The overall survival data are immature, “and the interpretation is inconclusive,” he said. At a median follow-up of 12 months, the median overall survival has not been reached in either treatment arm.

The combination was well-tolerated. Approximately 50% of patients in either arm had a grade 3 adverse event. The proportion of patients with grade 4 events was 4% in the combination arm and 7% in the sunitinib arm. Adverse events leading to discontinuation of the study drug were 4% in the combination arm and 8% in the sunitinib arm.

Immune-related adverse events were reported in 38% of the com­bination arm, including 21% with hypothyroidism.

Potential Implications

“Without survival or quality-of-life data, it’s uncertain whether the combination is ready for prime time,” commented invited discussant Viktor Grünwald, MD, Clinic for Cancer Research and Clinic for Urology, University Hospital Essen Westdeutsches, Germany.
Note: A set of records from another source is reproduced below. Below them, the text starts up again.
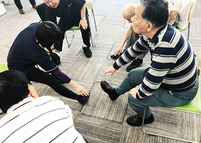 立つ、歩く、座るといった基本動作から日常生活シーンで行う動作を各人の目標達成に向けて個別訓練を実施します。
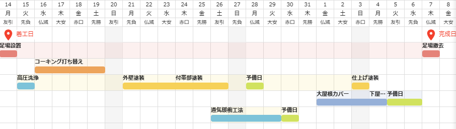 雨が降ると業できず、日程がずれることがありますが、少し予備日を設けておりますので基本的には予定通り終了します。
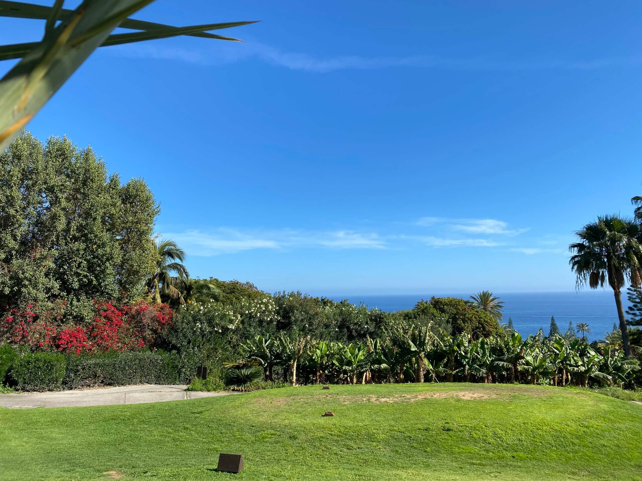 Allenthalben wurde ich verspottet und verlacht, weil ich es nicht einsehen mochte, für einen seitlichen oder frontalen Meerblick einen horrenden Aufpreis zu bezahlen. So habe ich nun ein Zimmer mit schönem Ausblick auf den Garten, woran gar nichts auszusetzen ist. Und das Meer sieht man auch!
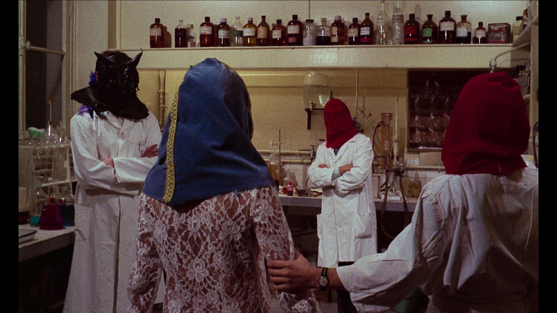 delirium of his first film, The Rape of the Vampire, director Jean Rollin returned to bloodsuckers again for a far more visually extreme variation that still stands apart from the rest of his filmography. Though his trademark obsessions with beachscapes and aesthetic nudity are still in evidence, the ultra-saturated color schemes and mad scientist motifs instead feel like some sort of unholy mash-up between Barbarella and The Diabolical Dr. Z (and almost never like a traditional horror film). The film kicks off with a group of hooded scientists doing something nefarious with their Bunsen burners and brightly-colored beakers, while others in their cult run around in animal masks and chase passing pedestrians. During all of this mayhem, young Pierre (Martin) is captivated with a scantily-clad woman (Cartier) who winds up apprehended by the sect, which turns out to be a more sinister and deadly group than they first appeared. Visitors commit suicide, blood drinking is involved, and as usual, it all winds up with haunted characters wandering a beach as their mortality comes back to bite them in the, uh, neck.
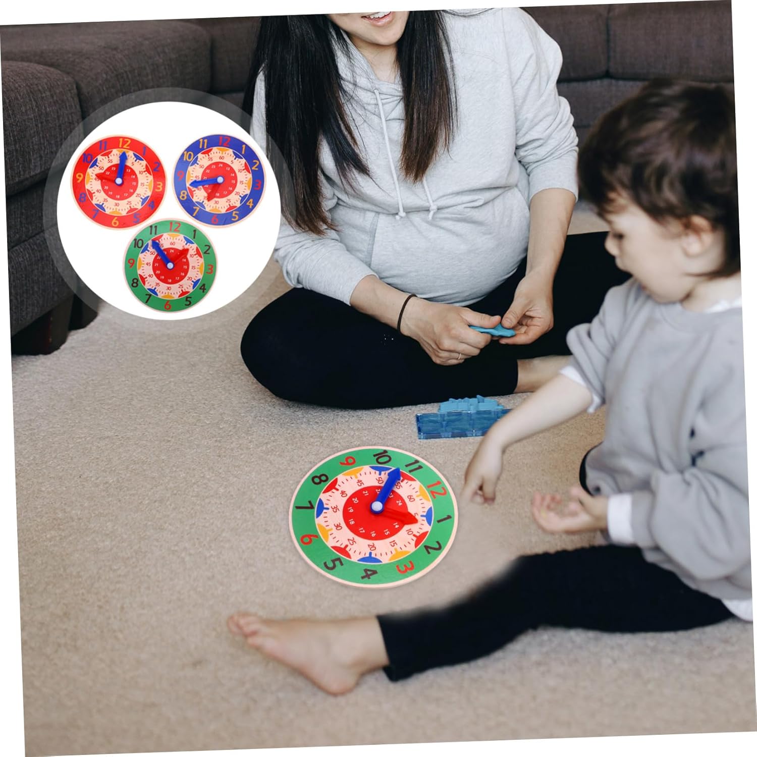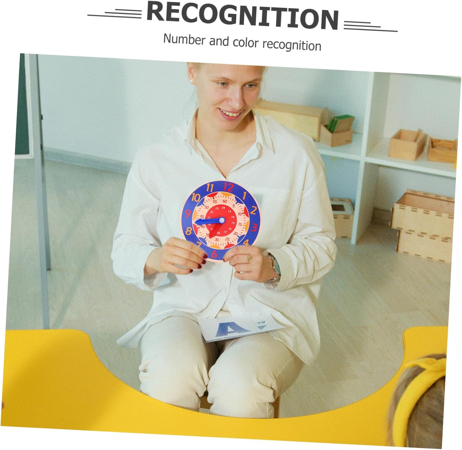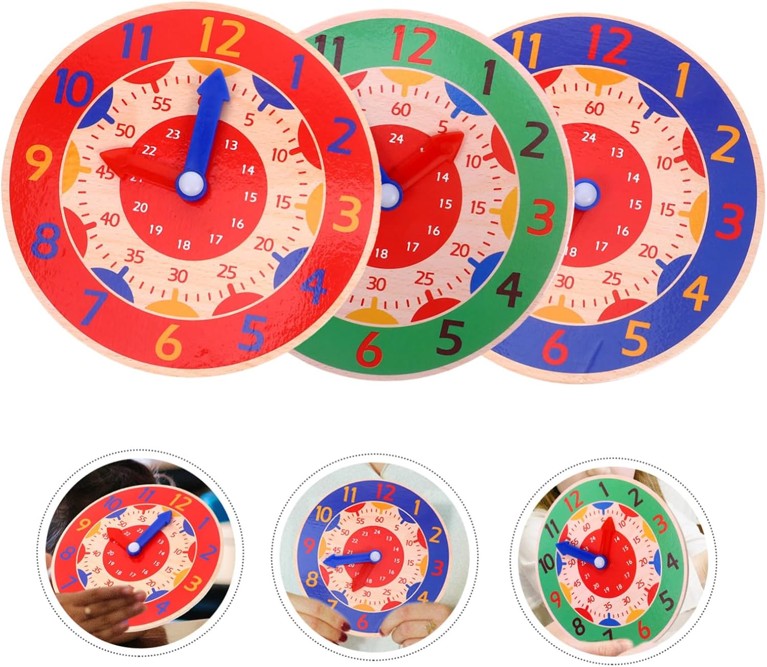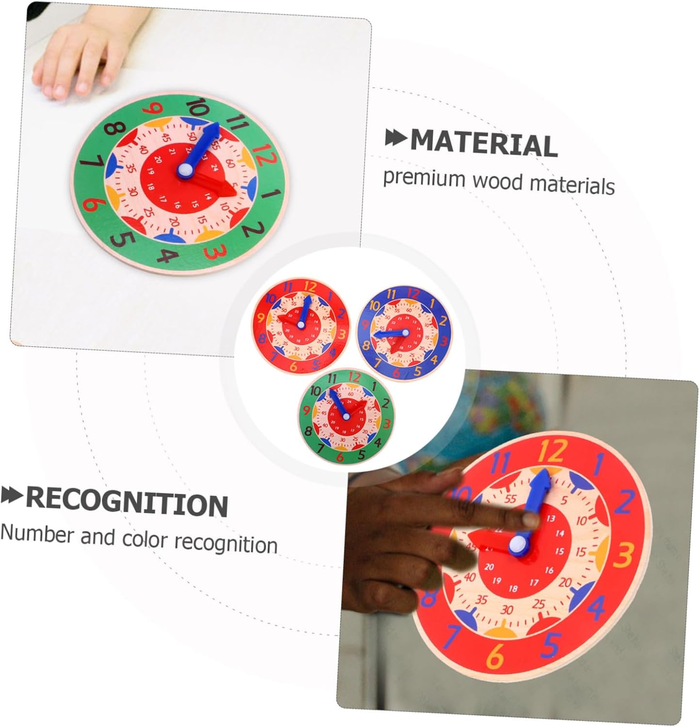 Set di orologi didattici: ampia gamma di applicazioni, può essere utilizzato come strumento didattico, casa, decorazione di feste o giocattolo per bambini per soddisfare le tue esigenze, orologio giocattolo educativo per bambini Orologio giocattolo creativo: riconoscimento di numeri e colori, questo orologio giocattolo può aiutare i bambini a imparare sia il tempo che i colori, orologio cognitivo modello di orologio giocattolo per i più piccoli: interessante ed educativo, puoi regalare questo orologio ai tuoi bambini per la festa dei bambini, compleanno, ecc. regalo, orologio in legno Divertente orologio giocattolo: lucidatura liscia e attenta, bordi e angoli lisci, non è facile per ferire le mani dei bambini, modello di orologio per bambini Pratico giocattolo per orologio: impara a riconoscere le lancette delle ore e dei minuti, capisci la differenza tra ora analogica e digitale, riconosci l'ora, ecc., giocattolo per il riconoscimento del calendario
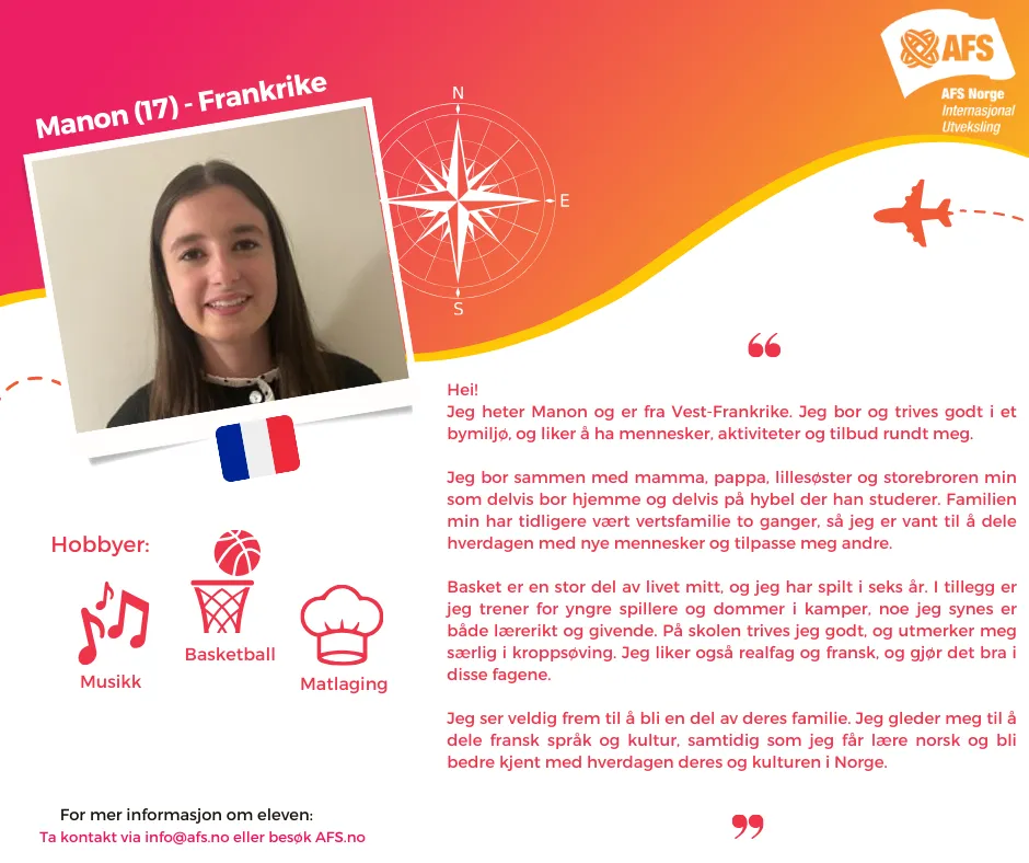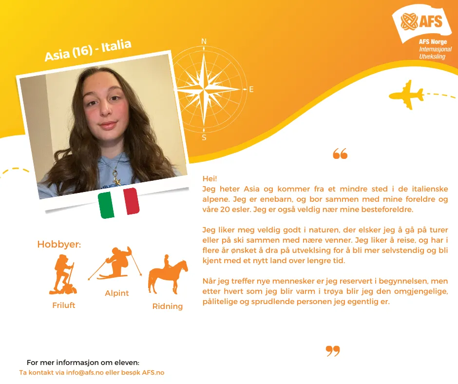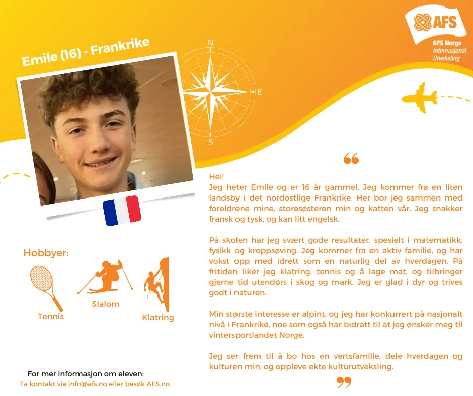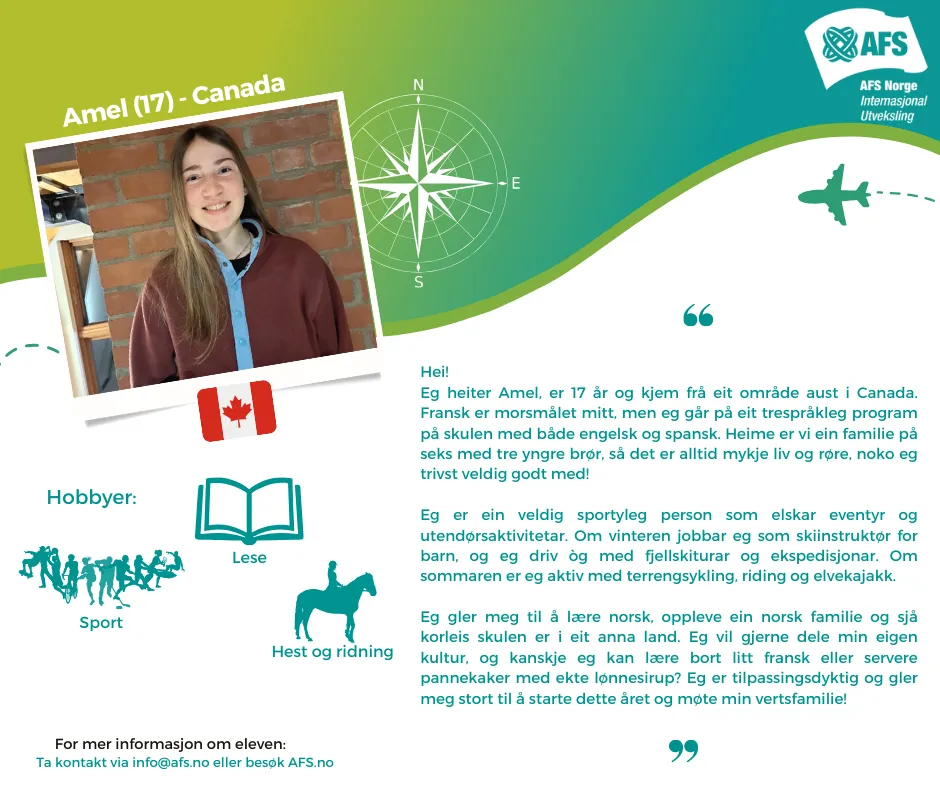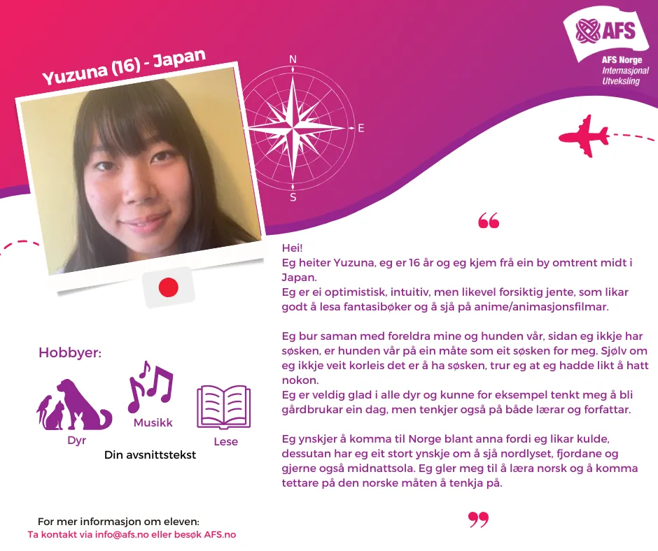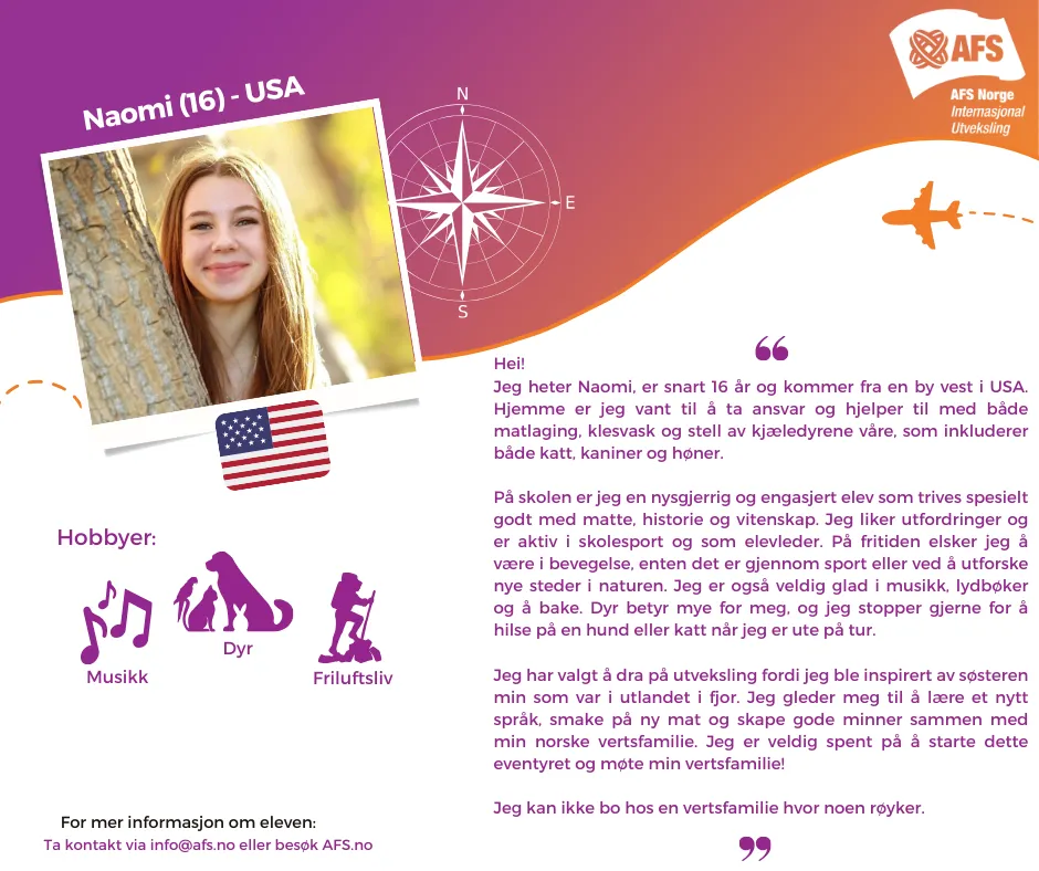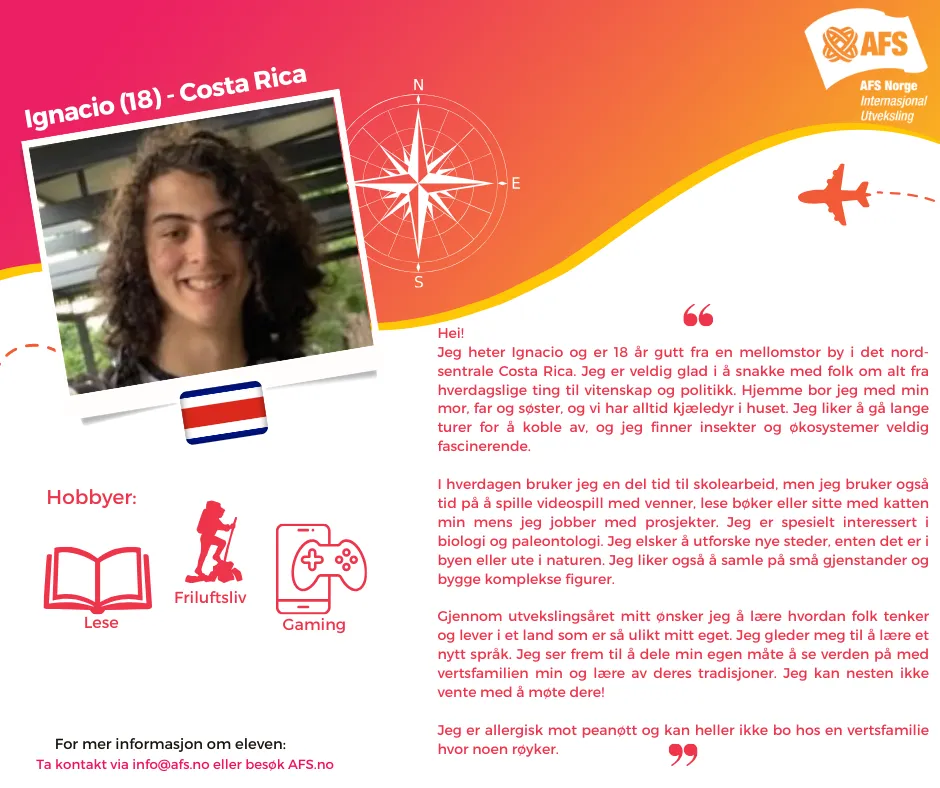 Har dere et ledig rom og har lyst på et spennende år sammen med en ungdom fra et annet land? Ikke nøl med å ta kontakt via [email protected] om dere ønsker mer informasjon om en elev!

The combination of ipilimumab (Yervoy) and nivolumab (Opdivo) has demonstrated a clinically relevant overall survival advantage in patients with intermediate- or high-risk advanced RCC and should therefore remain the standard of care in this population.

“I do believe that there is a niche in favorable-risk patients for the avel­umab-axitinib combination,” said Dr Grünwald.

Other immunotherapy combinations are being explored in advanced RCC with data soon to come, he said.